▸ WORK TASK: Here the job is to transcribe the data verbatim while leaving each picture out.

________________

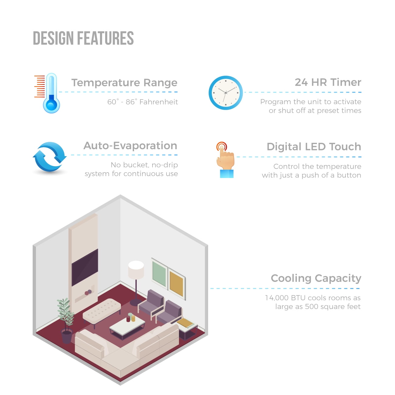Della 14 000 Btu Evaporative Portable Air Conditioner Heater Dehumidifier Cooling Function Led Panel Control Timer Walmart Com Walmart Com
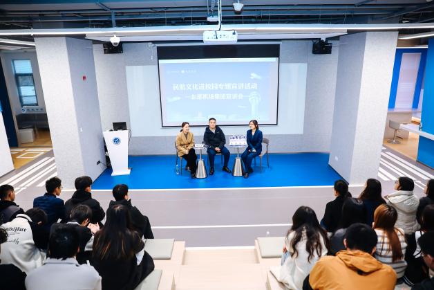 在“声动民航”环节,华东空管局、江苏空管分局、东部机场集团、常州奔牛机场等单位人力资源专家及业务部门骨干分专业为学生开展形式多元、内容丰富的宣讲交流。在“行业专家说”中,结合机场建设、运营与管理的实际经验,为同学们介绍机场行业的发展概况与前沿展望;在“行业学长说”中,优秀校友通过讲述自身的奋斗经历,为学弟学妹的专业学习和未来规划传经送宝。
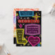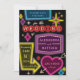 Inspirado pelos sinais icônicos de neon da velha hora de Las Vegas, este casamento de destino, salvo a data, é um nod colorido e divertido para a história e dá aos seus convidados uma sensação daquela nostálgica vibe noturna de Vegas. Não se esqueça de personalizar as costas com sua foto de noivado e o URL do site de casamento.
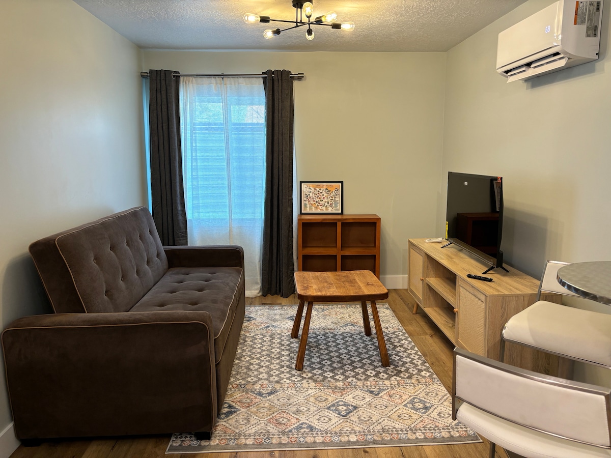 Njóttu þessa notalega bústaðar með einu svefnherbergi í hjarta miðbæjar Lehi. Gakktu út að borða eða í Wines Park. Sveiflaðu þér á veröndinni og njóttu þessa friðsæla og miðsvæðis heimilis í öruggu og dásamlegu fjölskylduhverfi. Búðu til máltíðir heima eða njóttu fjölbreyttra nálægra veitingastaða eða skyndibita. Heimilið hefur nýlega verið endurbyggt að fullu og öll eldhústæki eru ný. Baðherbergið er alveg nýtt. Það er nálægt I-15, verslunar-, Adobe- og Silicon Slopes tæknifyrirtækjum.
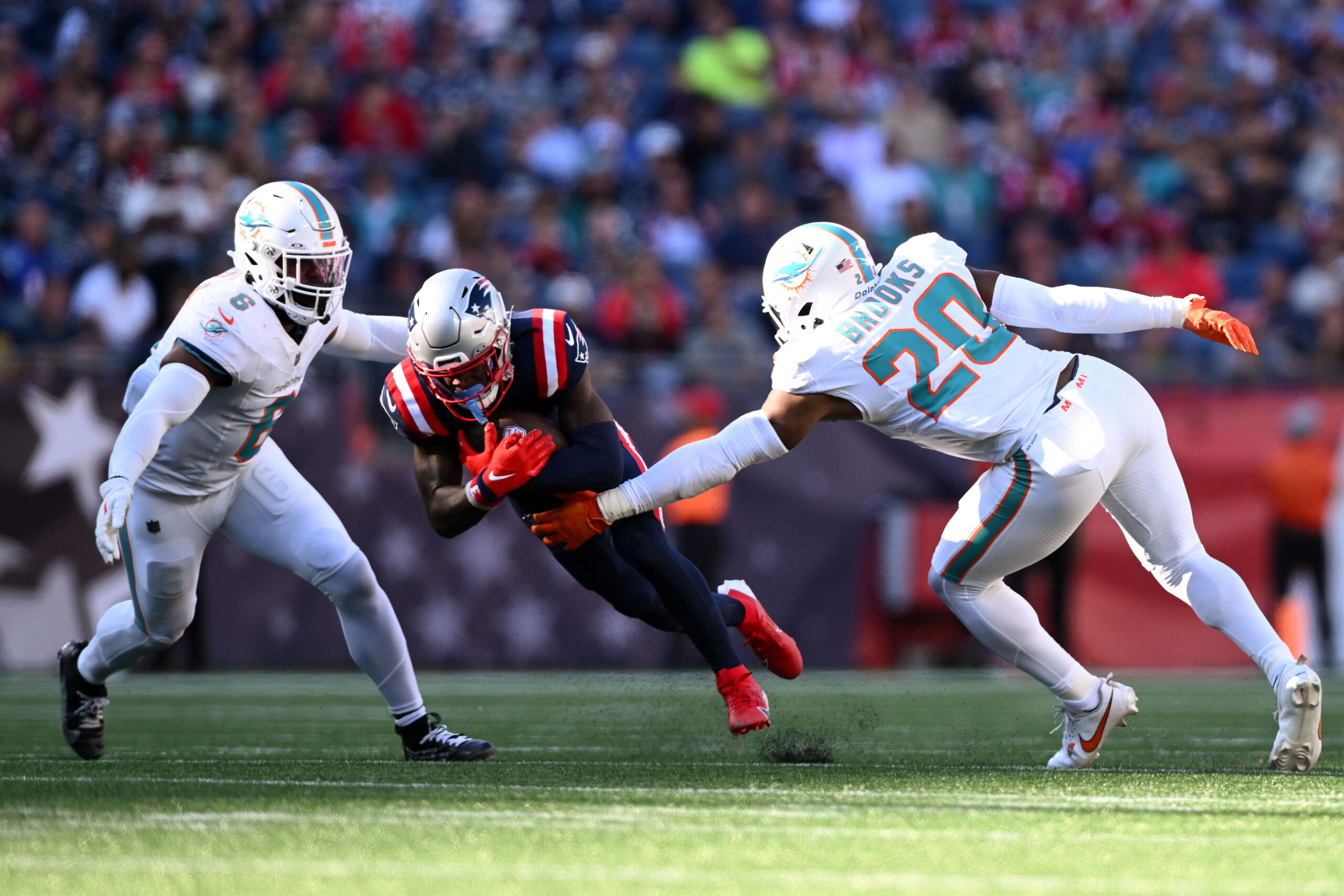 Oct 6, 2024; Foxborough, Massachusetts, USA; New England Patriots wide receiver DeMario Douglas (3) rushes against Miami Dolphins linebacker Anthony Walker Jr. (6) and linebacker Jordyn Brooks (20) during the second half at Gillette Stadium. Mandatory Credit: Brian Fluharty-Imagn Images
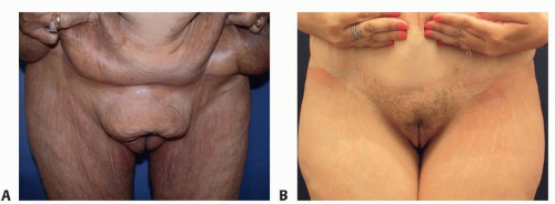 FIG 2 • A. Mons pubis in MWL demonstrates significant ptosis and excess fat. B. Abdominoplasty with removal of the upper part of the mons pubis will allow a rejuvenated appearance.
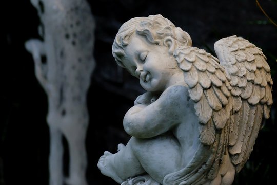 Close up a white small sleeping cupid statue with dark background and blurred a fountain in a garden area
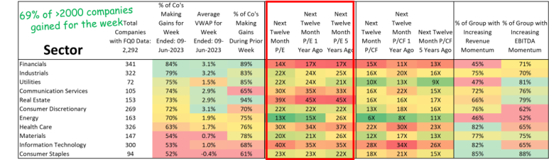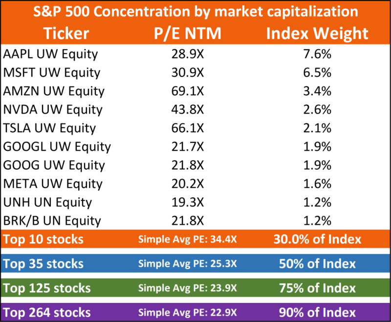 The big news of last week was that the S&P 500 has moved into what is technically bull market territory—defined as a 20% gain since its low on October 12th 2022. Unfortunately, the bulk of the index’s gains have come from a handful of heavyweight stocks that feature expensive valuations despite increased discount rates. If you look at the top 10 stocks in the S&P 500, the simple average forward P/E is 34X – that’s 50% higher than 90% of the index.
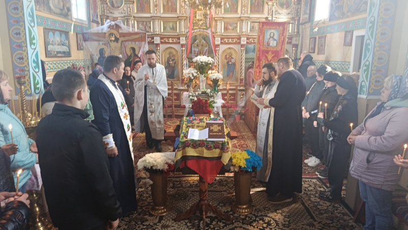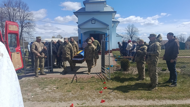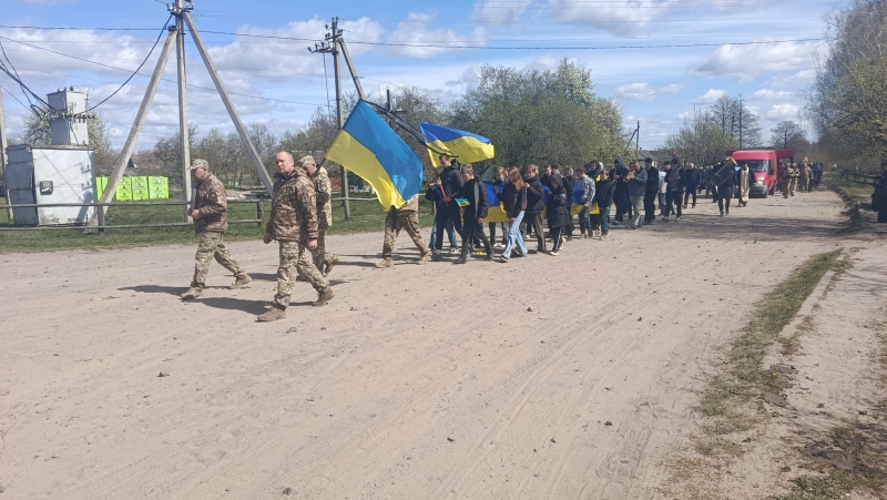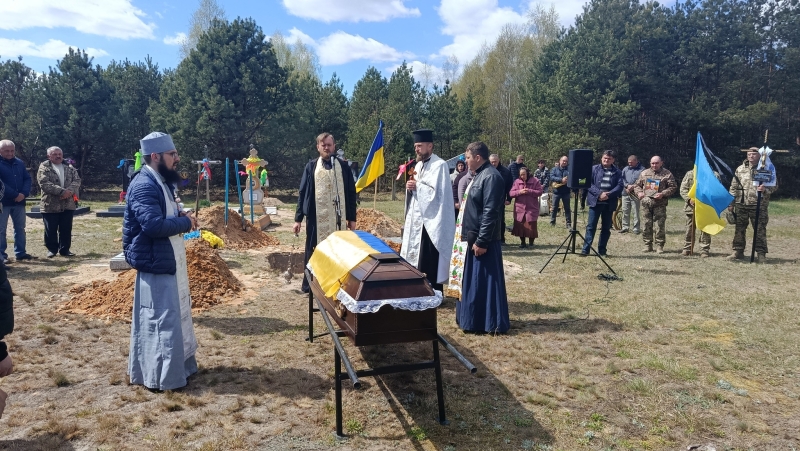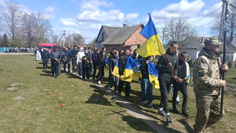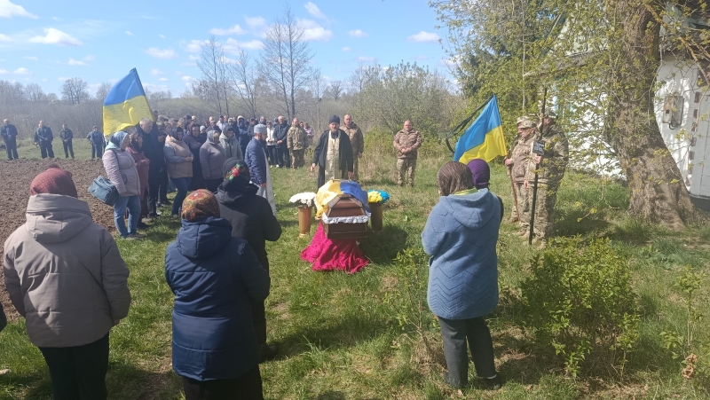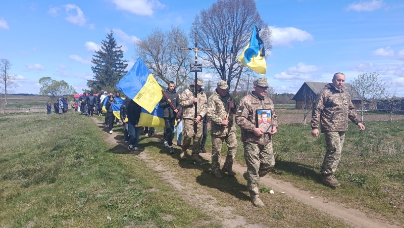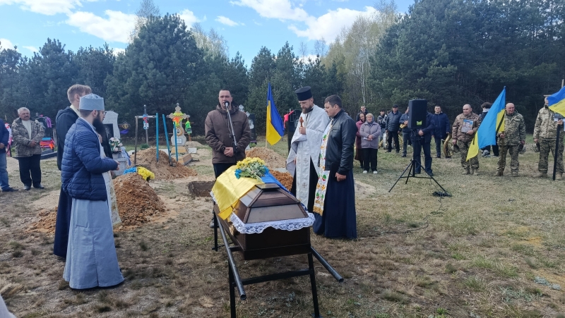 «Під звуки Державного Гімну України та залпи почесної варти тіло воїна віддали рідній землі. Синьо-жовтий стяг, яким була покрита труна, передали родині як символ незламності та вічної вдячності держави за подвиг солдата.
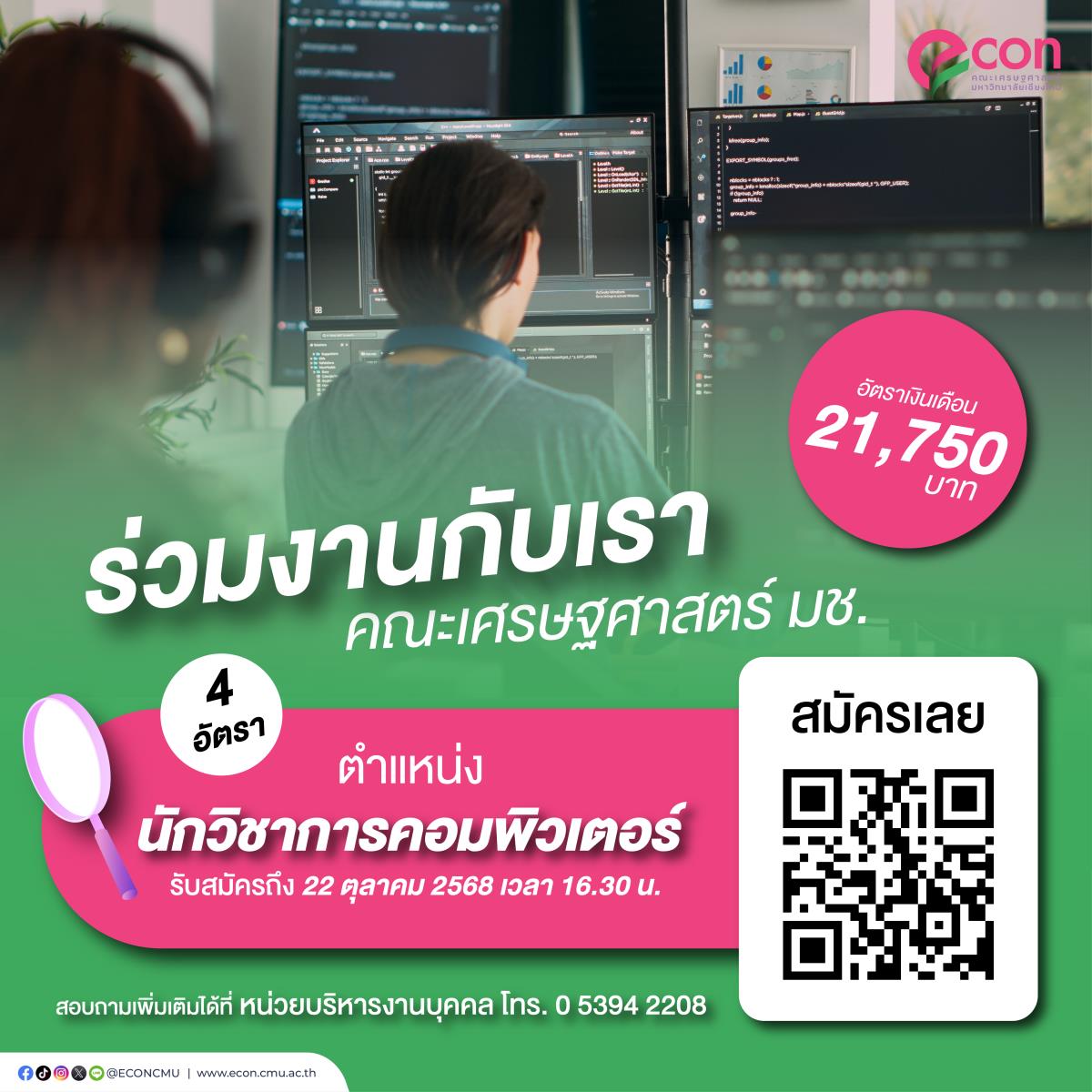 คณะเศรษฐศาสตร์ มช. เปิดรับสมัครนักวิชการคอมพิวเตอร์ จำนวน 4 อัตรา
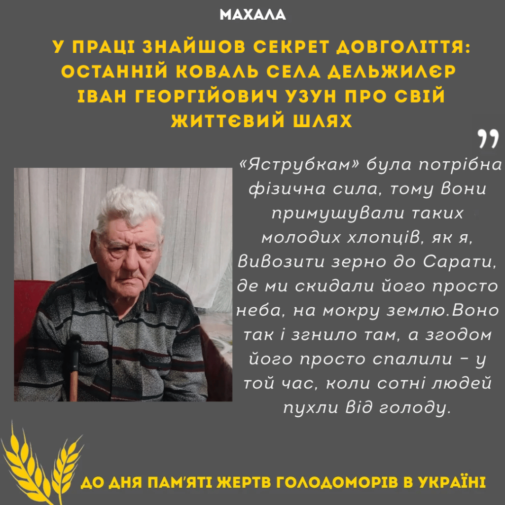 «Окрім землі та майна, «яструбки» стали вилучати у селян зерно, що призвело до штучного голоду. Багатьох чоловіків з нашого села відправили на Урал у 1945 році. На нашій вулиці жив дуже заможний чоловік, якого всі знали як Бондарувколювого Пилипа. «Яструбкам» була потрібна фізична сила, тому вони примушували таких молодих хлопців, як я, вивозити його зерно до Сарати, де ми скидали його просто неба, на мокру землю. Дощ, а потім сніг, падали прямо на ці купи зерна. Воно так і залишилося там гнити, а згодом його просто спалили – у той час, коли сотні людей пухли від голоду», – згадує Іван Георгійович ті трагічні події.
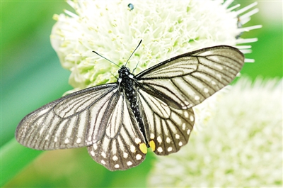 我最先注意到的,是一只半透明的黑色蝴蝶,看上去很像斑蝶,又總覺得有什么地方不對。后來知道了,它就是小黑斑鳳蝶。它擬態(tài)有毒的斑蝶,能讓部分天敵避而遠(yuǎn)之。如果這是一個(gè)設(shè)計(jì)或安排的話,那可真是巧妙。
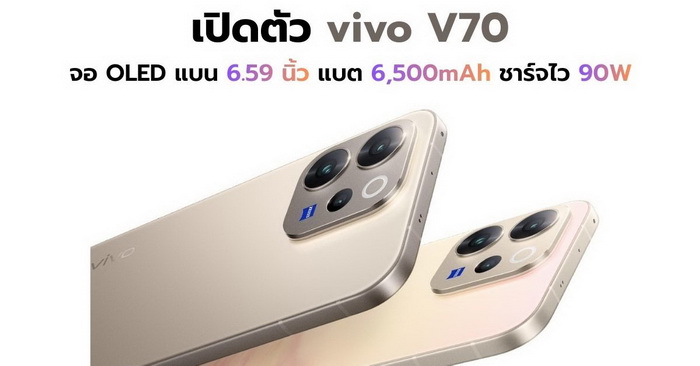 เปิดตัว vivo V70 จอ OLED แบน 6.59 นิ้ว สว่าง 1,800 nits แบต 6,500mAh ชาร์จไว 90W
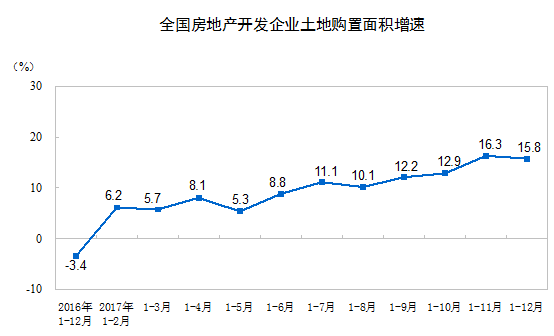 2017年,房地產(chǎn)開發(fā)企業(yè)土地購置面積25508萬平方米,比上年增長15.8%,增速比1-11月份回落0.5個百分點;土地成交價款13643億元,增長49.4%,增速提高2.4個百分點。
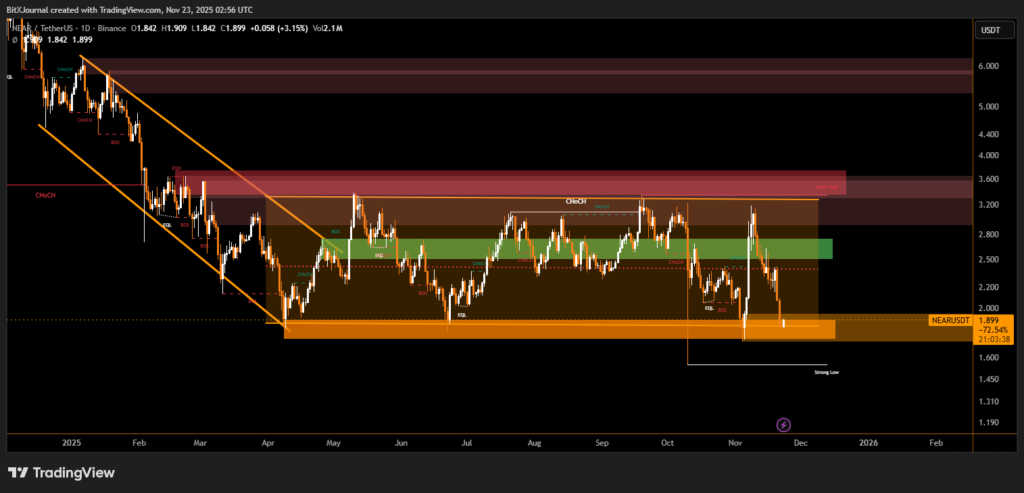 NEAR is struggling to hold its footing after another rejection from the upper boundary of its multi-month consolidation range. The asset continues to hover around the $1.90 level, testing a broad demand zone that has repeatedly acted as a base throughout the year. While the broader crypto market remains under pressure, NEAR’s chart now signals a decisive moment, with traders watching whether buyers can defend the final major support before a potential deeper slide.
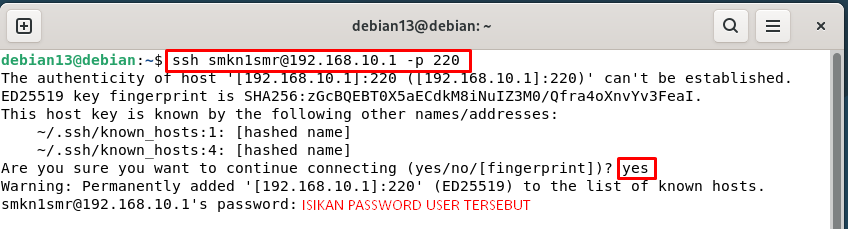 Perintah untuk remote ssh dengan menggunakan port tertentu, misal port 220
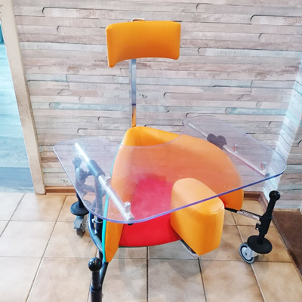 Unser Birillo ist mit einer Kopfstütze ausgestattet und bietet die Möglichkeit, statt des Bauchbügels einen transparenten Tisch aufzustecken. Da unsere Tochter rumofhypoton ist, hat sie zusätzlich noch ein Rückenpolster und einen Brustgurt nachgerüstet bekommen.

________________

▸ THE COMPLETED TASK:
Della 14 000 Btu Evaporative Portable Air Conditioner Heater Dehumidifier Cooling Function Led Panel Control Timer Walmart Com Walmart Com
 在“声动民航”环节,华东空管局、江苏空管分局、东部机场集团、常州奔牛机场等单位人力资源专家及业务部门骨干分专业为学生开展形式多元、内容丰富的宣讲交流。在“行业专家说”中,结合机场建设、运营与管理的实际经验,为同学们介绍机场行业的发展概况与前沿展望;在“行业学长说”中,优秀校友通过讲述自身的奋斗经历,为学弟学妹的专业学习和未来规划传经送宝。
 Inspirado pelos sinais icônicos de neon da velha hora de Las Vegas, este casamento de destino, salvo a data, é um nod colorido e divertido para a história e dá aos seus convidados uma sensação daquela nostálgica vibe noturna de Vegas. Não se esqueça de personalizar as costas com sua foto de noivado e o URL do site de casamento.
 Njóttu þessa notalega bústaðar með einu svefnherbergi í hjarta miðbæjar Lehi. Gakktu út að borða eða í Wines Park. Sveiflaðu þér á veröndinni og njóttu þessa friðsæla og miðsvæðis heimilis í öruggu og dásamlegu fjölskylduhverfi. Búðu til máltíðir heima eða njóttu fjölbreyttra nálægra veitingastaða eða skyndibita. Heimilið hefur nýlega verið endurbyggt að fullu og öll eldhústæki eru ný. Baðherbergið er alveg nýtt. Það er nálægt I-15, verslunar-, Adobe- og Silicon Slopes tæknifyrirtækjum.
 Oct 6, 2024; Foxborough, Massachusetts, USA; New England Patriots wide receiver DeMario Douglas (3) rushes against Miami Dolphins linebacker Anthony Walker Jr. (6) and linebacker Jordyn Brooks (20) during the second half at Gillette Stadium. Mandatory Credit: Brian Fluharty-Imagn Images
 FIG 2 • A. Mons pubis in MWL demonstrates significant ptosis and excess fat. B. Abdominoplasty with removal of the upper part of the mons pubis will allow a rejuvenated appearance.
 Close up a white small sleeping cupid statue with dark background and blurred a fountain in a garden area
 The big news of last week was that the S&P 500 has moved into what is technically bull market territory—defined as a 20% gain since its low on October 12th 2022. Unfortunately, the bulk of the index’s gains have come from a handful of heavyweight stocks that feature expensive valuations despite increased discount rates. If you look at the top 10 stocks in the S&P 500, the simple average forward P/E is 34X – that’s 50% higher than 90% of the index.
 «Під звуки Державного Гімну України та залпи почесної варти тіло воїна віддали рідній землі. Синьо-жовтий стяг, яким була покрита труна, передали родині як символ незламності та вічної вдячності держави за подвиг солдата.
 คณะเศรษฐศาสตร์ มช. เปิดรับสมัครนักวิชการคอมพิวเตอร์ จำนวน 4 อัตรา
 «Окрім землі та майна, «яструбки» стали вилучати у селян зерно, що призвело до штучного голоду. Багатьох чоловіків з нашого села відправили на Урал у 1945 році. На нашій вулиці жив дуже заможний чоловік, якого всі знали як Бондарувколювого Пилипа. «Яструбкам» була потрібна фізична сила, тому вони примушували таких молодих хлопців, як я, вивозити його зерно до Сарати, де ми скидали його просто неба, на мокру землю. Дощ, а потім сніг, падали прямо на ці купи зерна. Воно так і залишилося там гнити, а згодом його просто спалили – у той час, коли сотні людей пухли від голоду», – згадує Іван Георгійович ті трагічні події.
 我最先注意到的,是一只半透明的黑色蝴蝶,看上去很像斑蝶,又總覺得有什么地方不對。后來知道了,它就是小黑斑鳳蝶。它擬態(tài)有毒的斑蝶,能讓部分天敵避而遠(yuǎn)之。如果這是一個(gè)設(shè)計(jì)或安排的話,那可真是巧妙。
 เปิดตัว vivo V70 จอ OLED แบน 6.59 นิ้ว สว่าง 1,800 nits แบต 6,500mAh ชาร์จไว 90W
 2017年,房地產(chǎn)開發(fā)企業(yè)土地購置面積25508萬平方米,比上年增長15.8%,增速比1-11月份回落0.5個百分點;土地成交價款13643億元,增長49.4%,增速提高2.4個百分點。
 NEAR is struggling to hold its footing after another rejection from the upper boundary of its multi-month consolidation range. The asset continues to hover around the $1.90 level, testing a broad demand zone that has repeatedly acted as a base throughout the year. While the broader crypto market remains under pressure, NEAR’s chart now signals a decisive moment, with traders watching whether buyers can defend the final major support before a potential deeper slide.
 Perintah untuk remote ssh dengan menggunakan port tertentu, misal port 220
 Unser Birillo ist mit einer Kopfstütze ausgestattet und bietet die Möglichkeit, statt des Bauchbügels einen transparenten Tisch aufzustecken. Da unsere Tochter rumofhypoton ist, hat sie zusätzlich noch ein Rückenpolster und einen Brustgurt nachgerüstet bekommen.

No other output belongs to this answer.